GavinYang5 avatar Jan 05 '24 15:01 GavinYang5

I've seen this error before (see this related stackoverflow issue). I believe this occurs in the following lines:

https://github.com/qinzheng93/GeoTransformer/blob/e7a135af4c318ff3b8d7f6c963df094d7e4ea540/geotransformer/modules/ops/pointcloud_partition.py#L87-L88

node_masks = torch.zeros(nodes.shape[0], dtype=torch.bool).cuda()  # (M,)
node_masks.index_fill_(0, point_to_node, True)

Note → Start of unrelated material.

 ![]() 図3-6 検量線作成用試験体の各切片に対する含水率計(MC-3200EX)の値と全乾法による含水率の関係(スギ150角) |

A possible solution is to change them to:

node_masks = torch.zeros(nodes.shape[0]).cuda()  # (M,)
node_masks.index_fill_(0, point_to_node, 1)

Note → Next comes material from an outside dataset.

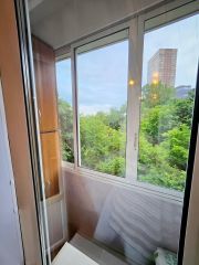 Окна квартиры выходят во двор, где много зелени. Рядом, в 2-ух минутах ходьбы, парк Дубки.

fabio-sim avatar Jan 05 '24 15:01 fabio-sim

Yes, I noticed the issue you mentioned, I have made as many modifications as possible to avoid using torch.bool,But the error still exists TAT

GavinYang5 avatar Jan 05 '24 15:01 GavinYang5

I see.. Then perhaps GeoTransformer is too complicated to convert to ONNX

fabio-sim avatar Jan 05 '24 15:01 fabio-sim

The model I want to export is this https://github.com/qinzheng93/GeoTransformer/blob/e7a135af4c318ff3b8d7f6c963df094d7e4ea540/experiments/geotransformer.3dmatch.stage4.gse.k3.max.oacl.stage2.sinkhorn/model.py#L19 Do you think there is any good way to gradually investigate which part of the problem is causing it? Currently, I can only receive an error message, but I don't know exactly where it was caused, so I am at a loss as to how to troubleshoot the problem

GavinYang5 avatar Jan 05 '24 15:01 GavinYang5

Yes, if you're using VSCode to debug the export process, you can place breakpoints in the forward passes of modules, starting from the beginning and gradually advancing further until VSCode hits that error instead of a breakpoint. That should give you an idea of the location of the problematic op.

fabio-sim avatar Jan 05 '24 15:01 fabio-sim

Okay, thank you very much for your valuable feedback. I am ready to continue trying it out

GavinYang5 avatar Jan 05 '24 15:01 GavinYang5